Supreme Court strikes down Roe v. Wade
The Supreme Court on Friday struck down Roe v. Wade, eliminating the nearly 50-year-old constitutional right to abortion and handing states authority to drastically limit or ban the procedure.
The 6-3 decision by a majority of conservative justices to fundamentally reshape American society by overturning the landmark 1973 precedent is certain to ignite a political firestorm and yield a complex patchwork of state laws that will effectively block large swathes of the population from terminating unwanted pregnancies.

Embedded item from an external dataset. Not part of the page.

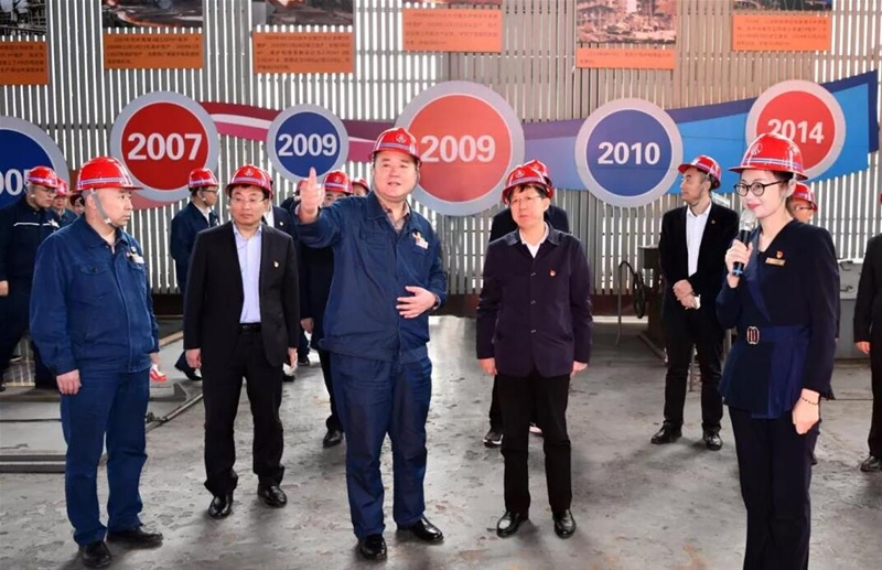 周新强一行实地查看了公司展览馆 太阳集团官方网站,水处理中心,超低排放集控中心,5#高炉,炼钢新区及轧钢棒一,高线车间生产运行情况,并在公司第一会议室召开座谈会,会议由副市长郭继锋主持。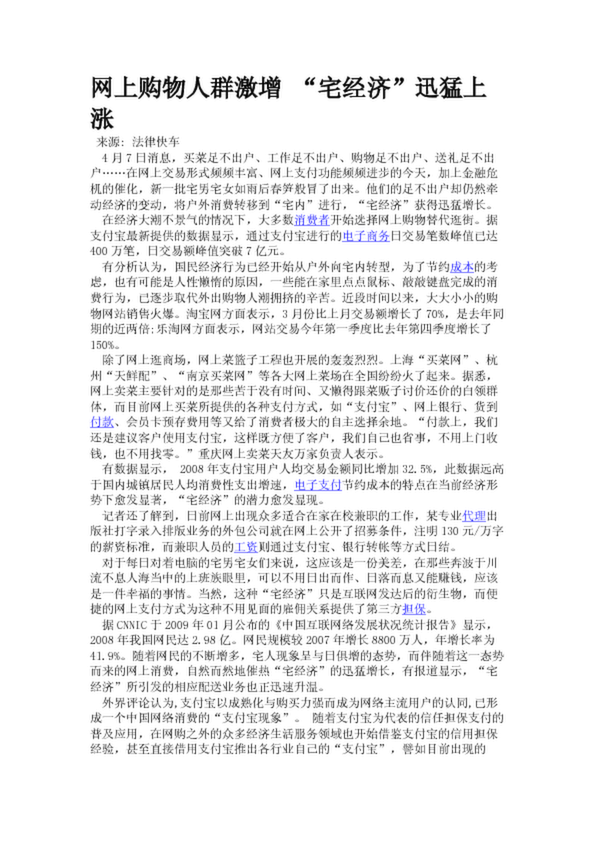 網(wǎng)上購物人群激增 “宅經(jīng)濟(jì)”迅猛上漲

The ruling upholds Mississippi’s 15-week abortion ban, which directly clashed with Roe’s requirement that states permit abortion up to the point of fetal viability, around 24 weeks, as well as Planned Parenthood v. Casey, a 1992 decision that reaffirmed Roe’s core holding.
“Roe was egregiously wrong from the start,” Justice Samuel Alito wrote for the majority. “Its reasoning was exceptionally weak, and the decision has had damaging consequences. And far from bringing about a national settlement of the abortion issue, Roe and Casey have enflamed debate and deepened division.”

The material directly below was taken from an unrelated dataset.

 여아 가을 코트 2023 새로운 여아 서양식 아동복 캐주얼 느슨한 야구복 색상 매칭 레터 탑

“It is time to heed the Constitution and return the issue of abortion to the people’s elected representatives,” he continued.
More than two dozen states, primarily in the South and Midwest, are expected to tighten abortion access as a result of Roe falling, including 13 states with “trigger bans” set to take effect automatically or through minimal effort by state officials.

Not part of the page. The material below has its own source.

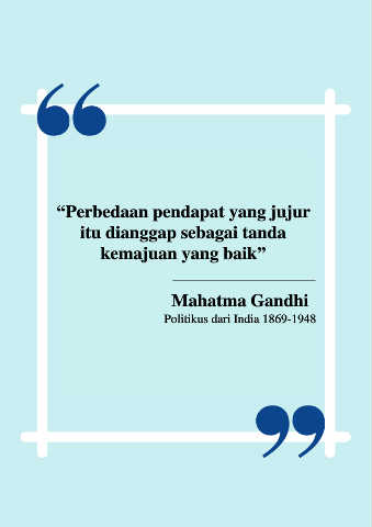 “Perbedaan pendapat yang jujur itu dianggap sebagai tanda kemajuan yang baik” Mahatma Gandhi Politikus dari India 1869-1948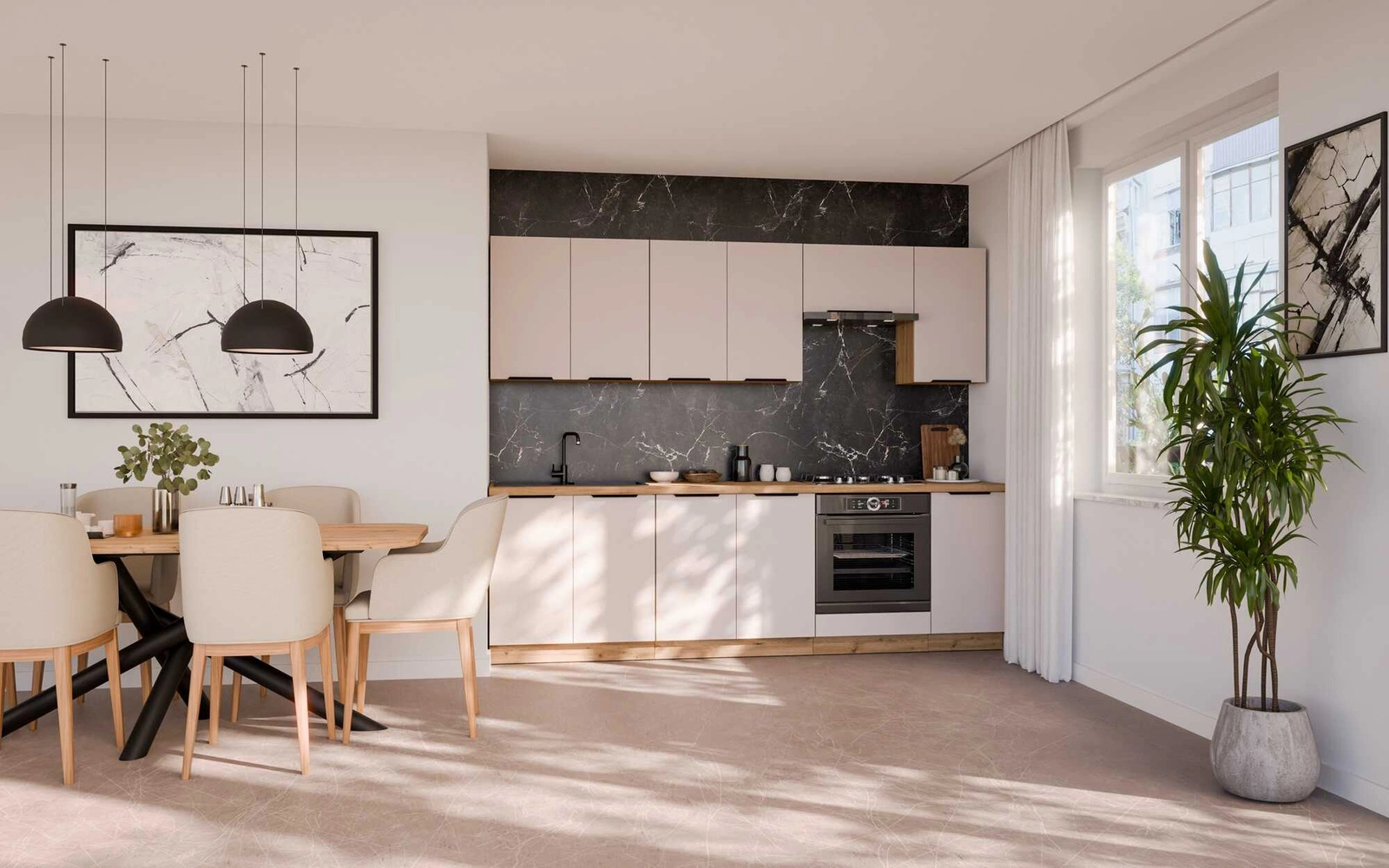 Zestaw mebli kuchennych Soela w kolorze dąb artisan / beżowy to propozycja gotowego zestawu mebli do kuchni, który doskonale prezentuje się w nowoczesnych wnętrzach.

For conservatives, the toppling of Roe marks the crowning achievement of a carefully orchestrated and well-funded movement that for decades has sought to elevate reliable allies to the Supreme Court and erase federal protections under Roe that conservatives have long considered an infringement of states’ rights.
Chief Justice John Roberts joined in the majority’s judgment but said he would have preferred a more incremental approach that would not have required overturning Roe and Casey outright.
“If it is not necessary to decide more to dispose of a case, then it is necessary not to decide more,” Roberts wrote in a concurring opinion. “Perhaps we are not always perfect in following that command, and certainly there are cases that warrant an exception. But this is not one of them.”
The blockbuster decision comes after a stunning breach of Supreme Court secrecy last month led to the public release of a draft version of the opinion, offering a glimpse at the coming dismantlement of abortion rights as well as the likely upheaval over a ruling that most Americans said they would oppose.
Writing for the majority, Alito emphasizes that his ruling was a narrow one and would not spillover to decisions on issues like same-sex marriage (Obergefell v. Hodges), sex between gay couples (Lawrence v. Texas) and the right to contraception (Griswold v. Connecticut).
“Nothing in this opinion should be understood to cast doubt on precedents that do not concern abortion,” Alito wrote.
But the opinion will be almost certain to fuel questions about whether rights that are seen as having a thin historical record and which are not explicitly referenced in the Constitution — so-called unenumerated rights — remain on a firm footing.
Justice Clarence Thomas, in a concurring opinion, wrote that the reasoning underlying Friday’s opinion should call into question constitutional protections for same-sex marriage, sex between gay couples and contraception, as they are currently understood. These rights are rooted in the well-established principle that the Due Process Clause of the 14th Amendment protects not only procedural safeguards but also substantive rights — a doctrine that Thomas has long rejected.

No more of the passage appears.